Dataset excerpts
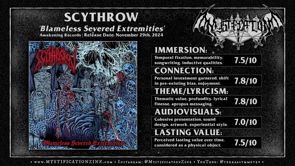 Scythrow formed circa 2020 as part of a boon of activity from the mostly teenaged folks involved who where likely keeping busy during the pandemic years with their attempts at a melodic thrash metal record to start. I’m not going to get too deep into their first two full-length albums because they kinda suck, programmed drums and halfway-there vocals, all of it smacks of bedroom-level recordings and technology put to uninteresting use (re: AI generated album art, etc.) The only point of interest to note in the walk up to their latest LP is the exit and then return of vocalist/guitarist Markus Erling who’d provided clean vocals on their first record, left, then came back as their growler in 2023 after the band had switched to a death metal focus. Their ‘Envy is the Filth of the Soul‘ (2023) EP showcased this new style well, a modern “new old school” take with a fairly brutal approach thanks to the drum recording kinda pinging hard. ‘Blameless Severed Extremities‘ more-or-less delivers upon the promise of that EP but tempers some of its chaotic energy for the sake of a few mid-tempo songs with moshable breaks and bopping movement (see: “Necrotic High”.)
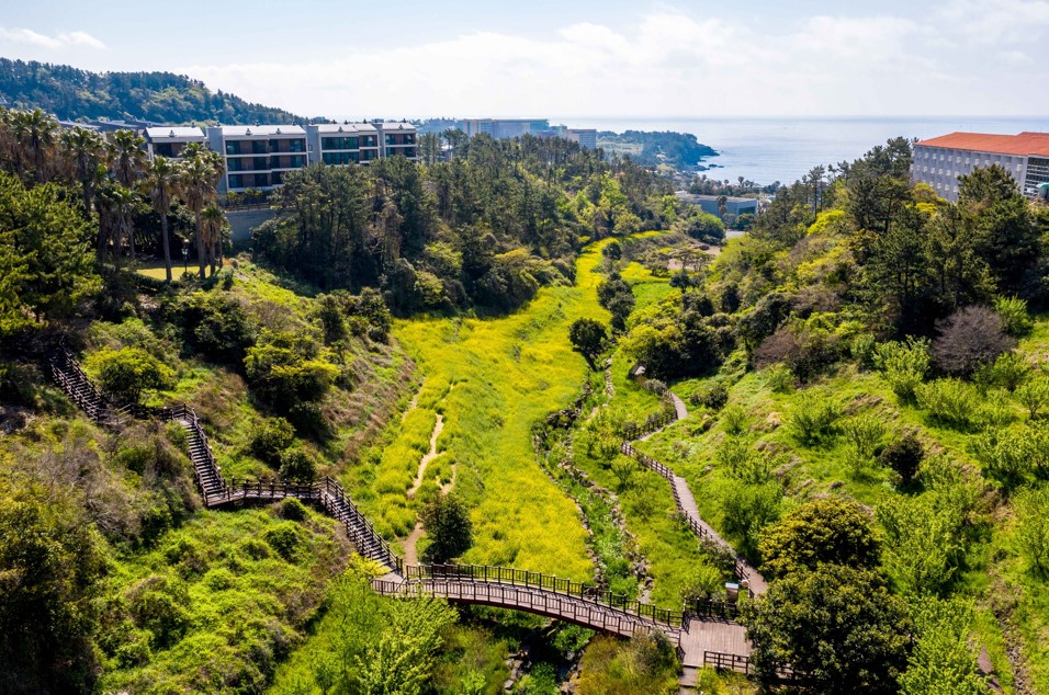유채꽃길을 따라 걷다 보면 자연스럽게 미라지 연못이 나오고, 좌측으로 올라가면 롯데호텔 산책로와 이어집니다. 짧게 걷기에도 좋고, 조금 더 길게 산책하기에도 적당한 코스입니다.
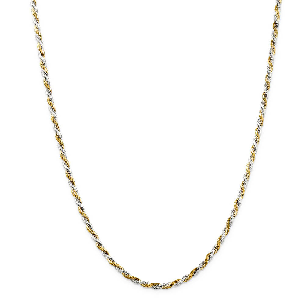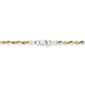 A striking mixture of tone and texture, this diamond cut solid rope chain made from sterling silver and 10k yellow gold plating will add a unique statement of elegance to your everyday look. This two-tone vermeil chain measures 2.5mm in width by 24 inches in length and fastens with a secure lobster-claw clasp. Made in Italy.
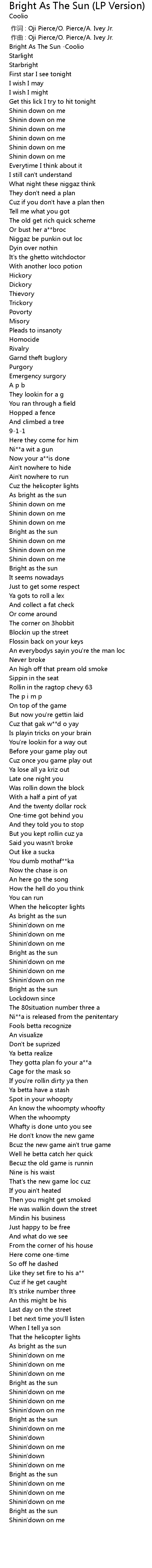 | [00:00.00] | Bright As The Sun Coolio |
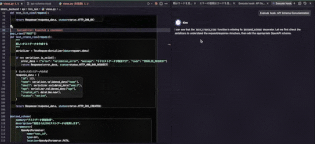 - 試しにテスト用のview.pyを作成し、OpenAPIスキーマがない状態で保存すると・・(画質荒くてすみません。zennは動画が載せられずgifにしました)
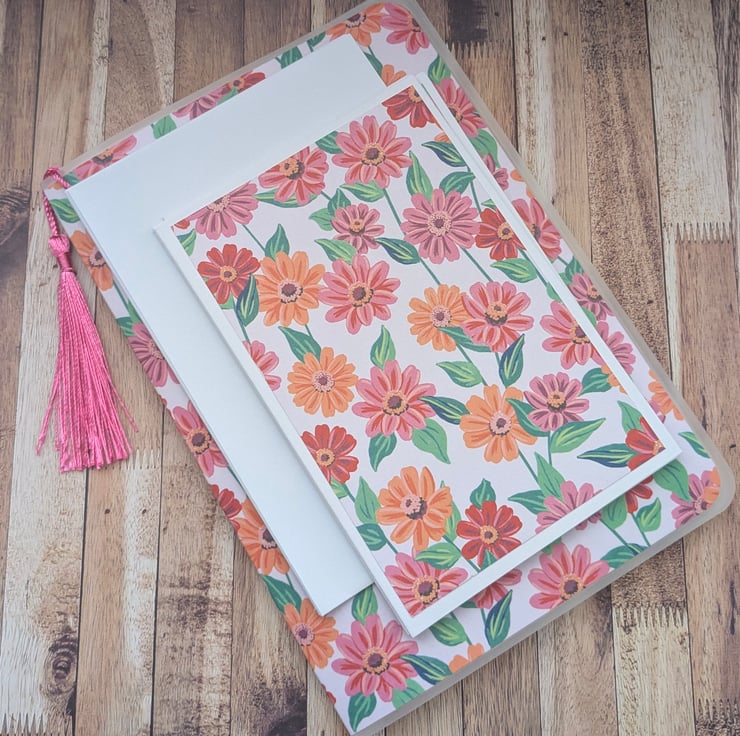 Stay stylish and organised with this beautiful floral stationery set featuring a matching folder with tassel detail and coordinating note cards.

TASK.
Print all records word for word, no images.

OUTPUT FOR THIS EXERCISE.
 Scythrow formed circa 2020 as part of a boon of activity from the mostly teenaged folks involved who where likely keeping busy during the pandemic years with their attempts at a melodic thrash metal record to start. I’m not going to get too deep into their first two full-length albums because they kinda suck, programmed drums and halfway-there vocals, all of it smacks of bedroom-level recordings and technology put to uninteresting use (re: AI generated album art, etc.) The only point of interest to note in the walk up to their latest LP is the exit and then return of vocalist/guitarist Markus Erling who’d provided clean vocals on their first record, left, then came back as their growler in 2023 after the band had switched to a death metal focus. Their ‘Envy is the Filth of the Soul‘ (2023) EP showcased this new style well, a modern “new old school” take with a fairly brutal approach thanks to the drum recording kinda pinging hard. ‘Blameless Severed Extremities‘ more-or-less delivers upon the promise of that EP but tempers some of its chaotic energy for the sake of a few mid-tempo songs with moshable breaks and bopping movement (see: “Necrotic High”.)
유채꽃길을 따라 걷다 보면 자연스럽게 미라지 연못이 나오고, 좌측으로 올라가면 롯데호텔 산책로와 이어집니다. 짧게 걷기에도 좋고, 조금 더 길게 산책하기에도 적당한 코스입니다.
 A striking mixture of tone and texture, this diamond cut solid rope chain made from sterling silver and 10k yellow gold plating will add a unique statement of elegance to your everyday look. This two-tone vermeil chain measures 2.5mm in width by 24 inches in length and fastens with a secure lobster-claw clasp. Made in Italy.
 | [00:00.00] | Bright As The Sun Coolio |
 - 試しにテスト用のview.pyを作成し、OpenAPIスキーマがない状態で保存すると・・(画質荒くてすみません。zennは動画が載せられずgifにしました)
 Stay stylish and organised with this beautiful floral stationery set featuring a matching folder with tassel detail and coordinating note cards.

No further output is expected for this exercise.